◆ Work order ◆
Pictures stay out of the output. Return exactly the lines below from the one with "with cloud background" down to the one with "1981 25p S-LL4", both included, and nothing more.

◆ Data to process ◆
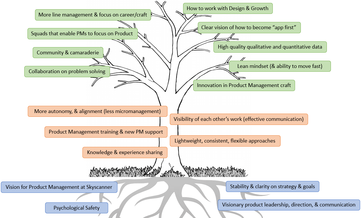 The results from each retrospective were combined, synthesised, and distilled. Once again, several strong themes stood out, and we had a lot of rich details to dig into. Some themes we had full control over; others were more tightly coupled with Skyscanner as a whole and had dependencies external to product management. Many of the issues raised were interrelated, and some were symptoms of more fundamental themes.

---

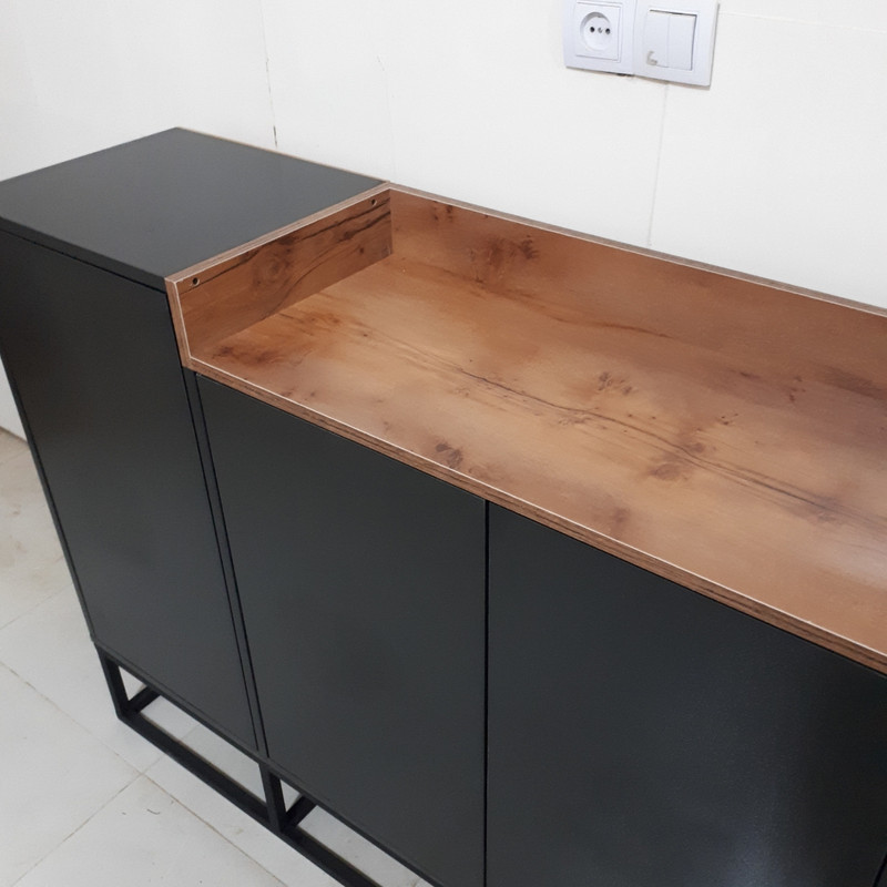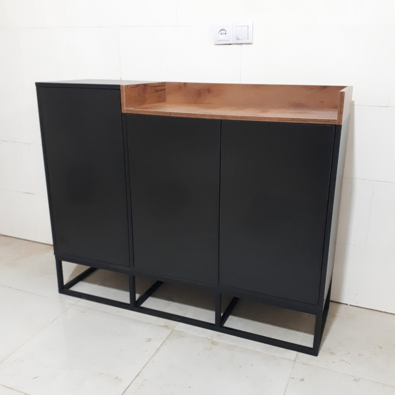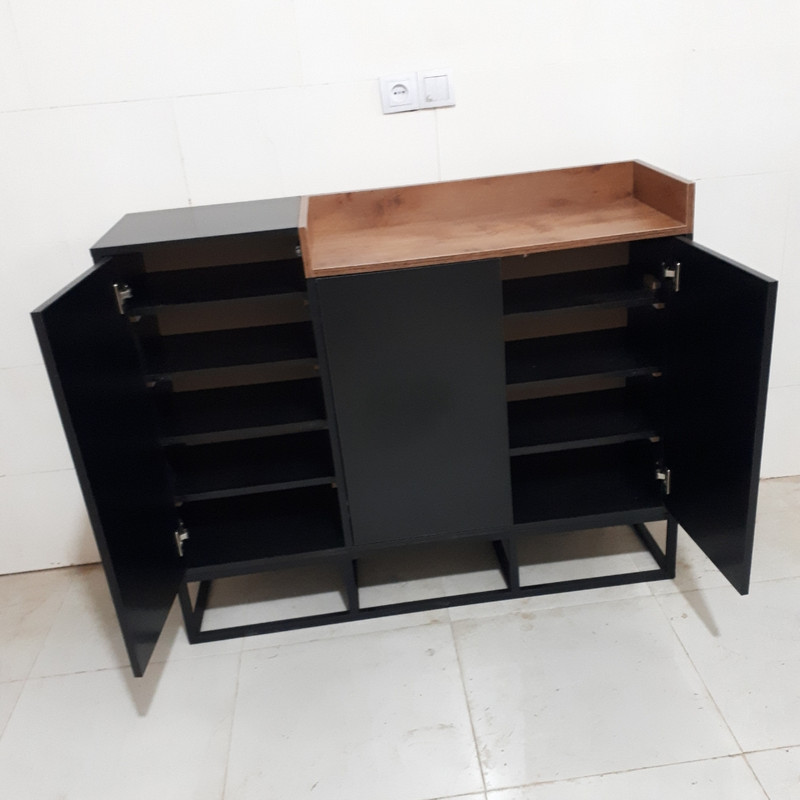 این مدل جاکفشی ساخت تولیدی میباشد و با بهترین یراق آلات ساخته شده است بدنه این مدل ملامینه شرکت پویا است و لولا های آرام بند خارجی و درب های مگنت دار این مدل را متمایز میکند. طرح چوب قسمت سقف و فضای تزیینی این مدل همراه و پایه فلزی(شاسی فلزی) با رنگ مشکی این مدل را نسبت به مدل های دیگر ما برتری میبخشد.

* * *

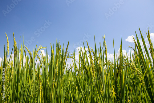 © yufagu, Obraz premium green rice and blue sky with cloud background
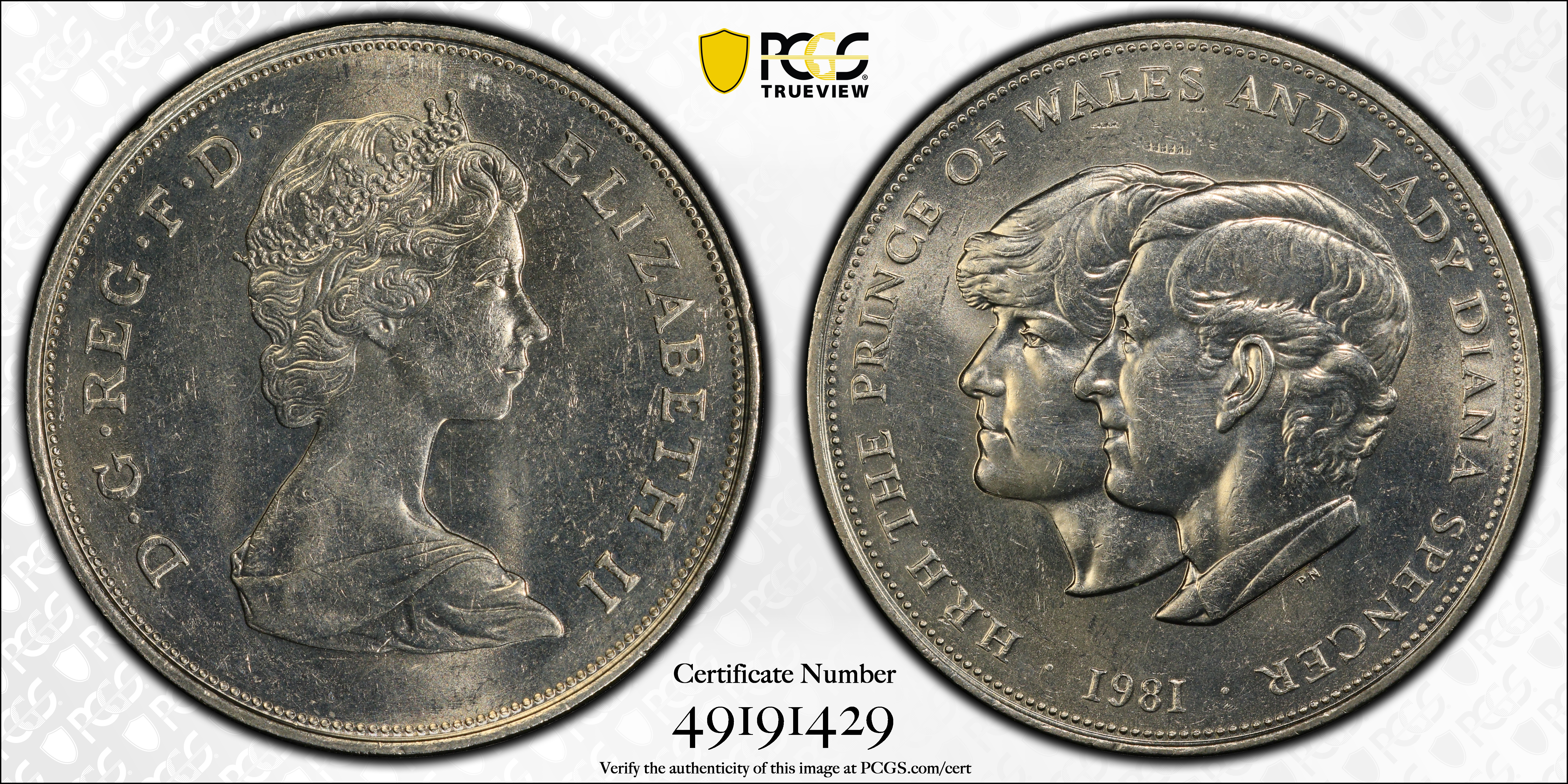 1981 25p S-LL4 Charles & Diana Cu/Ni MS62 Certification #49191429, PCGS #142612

◆ Output of the task ◆
 © yufagu, Obraz premium green rice and blue sky with cloud background
 1981 25p S-LL4 Charles & Diana Cu/Ni MS62 Certification #49191429, PCGS #142612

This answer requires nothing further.